■ ACTION ITEM ■
Copy out exactly, and only, the lines from the one containing "Vendor:A bold, handcrafted" through the end of the entries. No pictures.

(Stored entries)

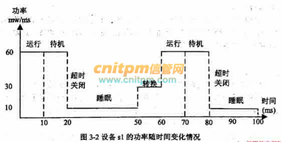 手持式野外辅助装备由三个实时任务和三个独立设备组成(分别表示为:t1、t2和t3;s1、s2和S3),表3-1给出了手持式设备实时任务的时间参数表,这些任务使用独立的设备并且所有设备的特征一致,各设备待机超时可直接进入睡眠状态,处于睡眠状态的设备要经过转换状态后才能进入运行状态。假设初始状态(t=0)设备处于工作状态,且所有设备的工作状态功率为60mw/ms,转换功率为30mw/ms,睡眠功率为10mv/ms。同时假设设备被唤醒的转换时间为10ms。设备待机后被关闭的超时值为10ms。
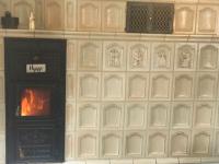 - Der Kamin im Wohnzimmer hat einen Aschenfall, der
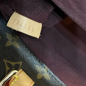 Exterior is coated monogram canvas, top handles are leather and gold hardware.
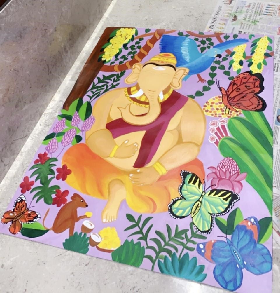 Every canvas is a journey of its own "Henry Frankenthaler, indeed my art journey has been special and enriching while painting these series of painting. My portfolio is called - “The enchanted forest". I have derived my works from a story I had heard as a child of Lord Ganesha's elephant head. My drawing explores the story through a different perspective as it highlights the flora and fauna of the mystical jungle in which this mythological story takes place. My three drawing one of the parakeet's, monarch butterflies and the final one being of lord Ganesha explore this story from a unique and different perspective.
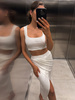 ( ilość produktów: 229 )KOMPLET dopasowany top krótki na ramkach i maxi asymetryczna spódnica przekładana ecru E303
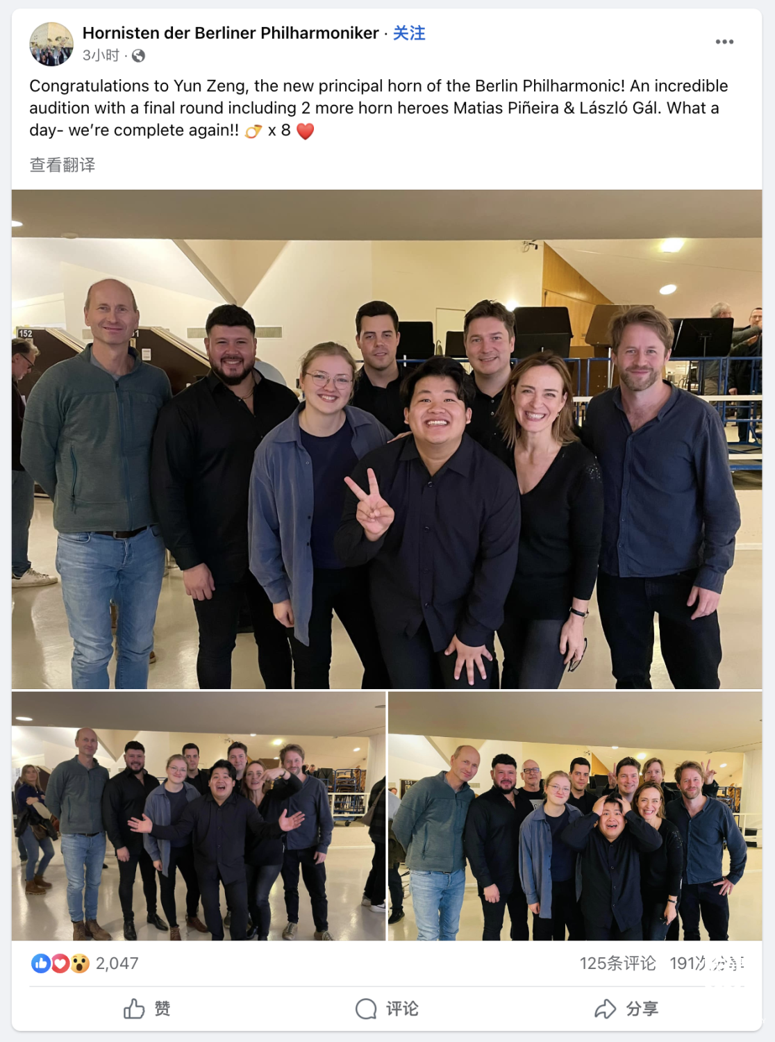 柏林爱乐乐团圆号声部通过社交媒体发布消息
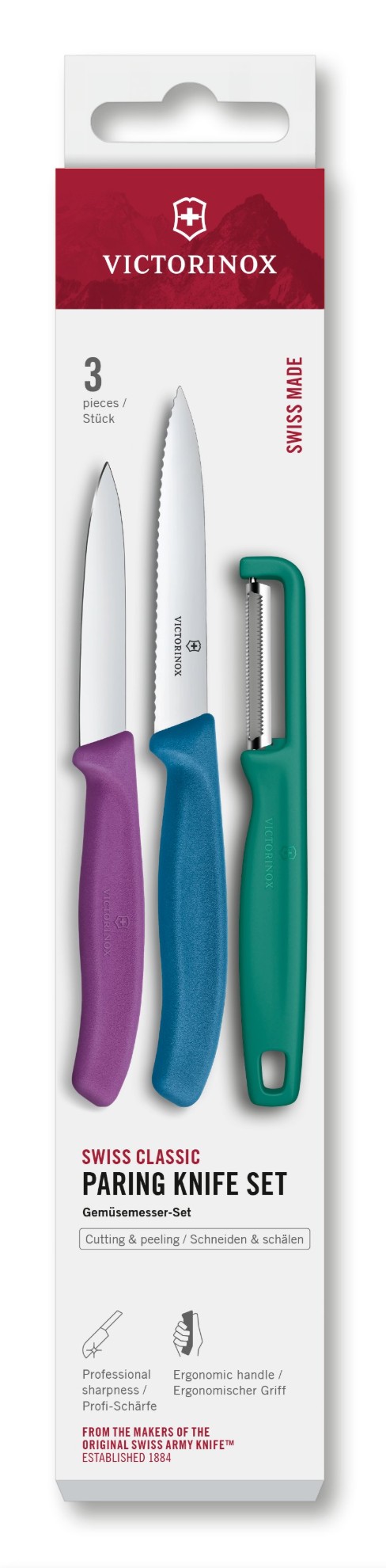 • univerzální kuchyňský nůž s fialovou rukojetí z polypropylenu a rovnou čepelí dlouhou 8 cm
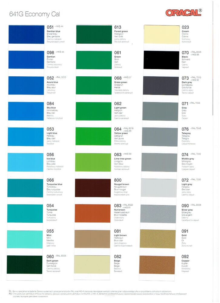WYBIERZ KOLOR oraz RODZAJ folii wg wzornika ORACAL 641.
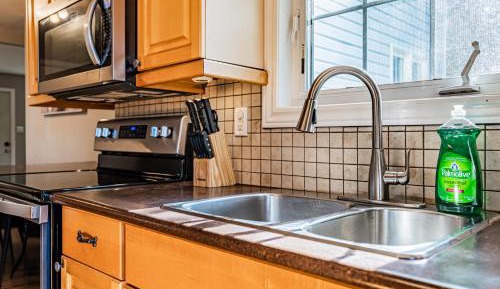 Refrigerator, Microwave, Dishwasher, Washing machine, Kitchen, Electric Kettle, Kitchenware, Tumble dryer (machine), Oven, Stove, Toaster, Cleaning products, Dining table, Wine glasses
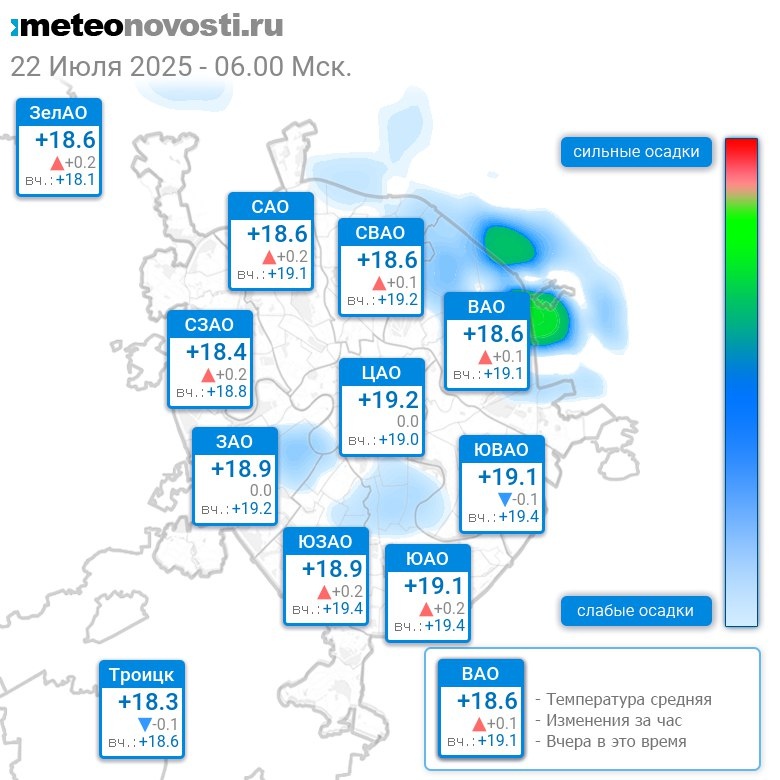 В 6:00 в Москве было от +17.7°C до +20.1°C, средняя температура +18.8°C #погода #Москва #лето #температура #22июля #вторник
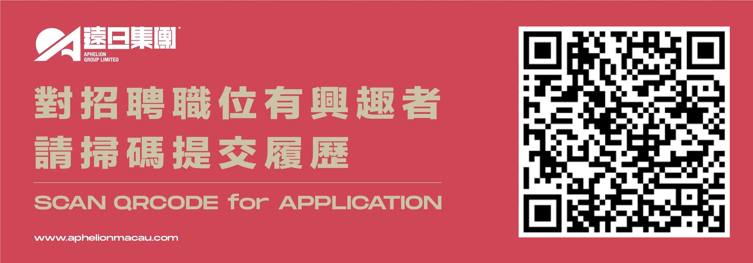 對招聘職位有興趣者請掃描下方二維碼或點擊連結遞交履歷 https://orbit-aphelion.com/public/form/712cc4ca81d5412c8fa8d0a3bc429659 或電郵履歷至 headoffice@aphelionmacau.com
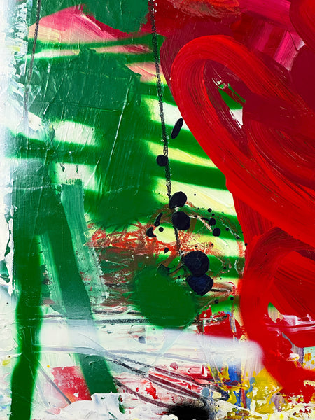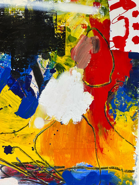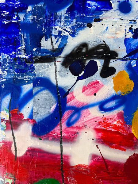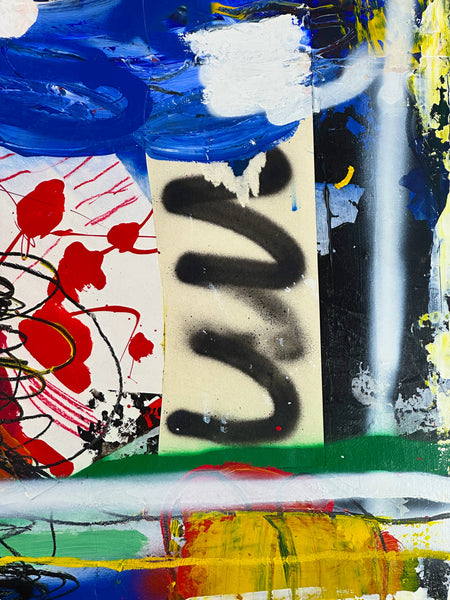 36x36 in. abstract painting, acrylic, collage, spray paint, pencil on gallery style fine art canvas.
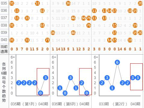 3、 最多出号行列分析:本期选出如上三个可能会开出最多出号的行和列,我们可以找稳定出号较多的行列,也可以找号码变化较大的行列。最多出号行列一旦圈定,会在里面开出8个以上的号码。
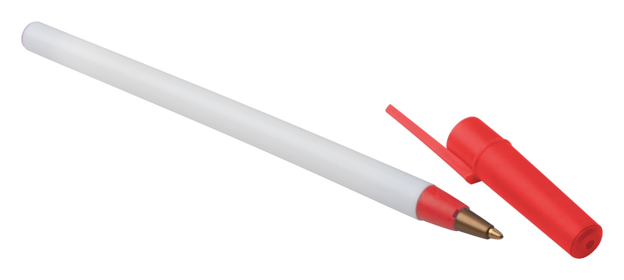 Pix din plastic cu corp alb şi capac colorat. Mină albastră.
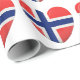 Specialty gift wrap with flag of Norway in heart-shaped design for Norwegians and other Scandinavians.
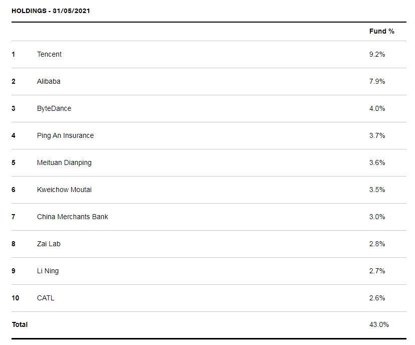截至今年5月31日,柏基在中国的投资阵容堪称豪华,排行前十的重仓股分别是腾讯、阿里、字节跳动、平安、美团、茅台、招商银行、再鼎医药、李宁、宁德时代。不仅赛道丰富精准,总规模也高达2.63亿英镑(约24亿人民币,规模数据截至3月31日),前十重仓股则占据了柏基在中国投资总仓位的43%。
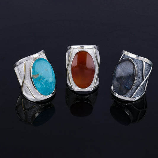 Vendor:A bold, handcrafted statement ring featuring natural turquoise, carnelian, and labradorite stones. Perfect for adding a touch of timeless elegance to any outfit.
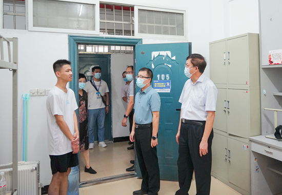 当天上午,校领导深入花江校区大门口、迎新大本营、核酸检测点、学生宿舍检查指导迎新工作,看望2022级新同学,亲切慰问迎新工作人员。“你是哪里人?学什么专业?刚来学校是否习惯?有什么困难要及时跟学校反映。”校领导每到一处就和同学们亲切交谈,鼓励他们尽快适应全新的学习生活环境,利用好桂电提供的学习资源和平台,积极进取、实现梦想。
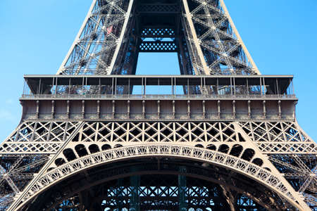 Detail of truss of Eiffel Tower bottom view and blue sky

■ EXERCISE SOLUTION ■
 Vendor:A bold, handcrafted statement ring featuring natural turquoise, carnelian, and labradorite stones. Perfect for adding a touch of timeless elegance to any outfit.
 当天上午,校领导深入花江校区大门口、迎新大本营、核酸检测点、学生宿舍检查指导迎新工作,看望2022级新同学,亲切慰问迎新工作人员。“你是哪里人?学什么专业?刚来学校是否习惯?有什么困难要及时跟学校反映。”校领导每到一处就和同学们亲切交谈,鼓励他们尽快适应全新的学习生活环境,利用好桂电提供的学习资源和平台,积极进取、实现梦想。
 Detail of truss of Eiffel Tower bottom view and blue sky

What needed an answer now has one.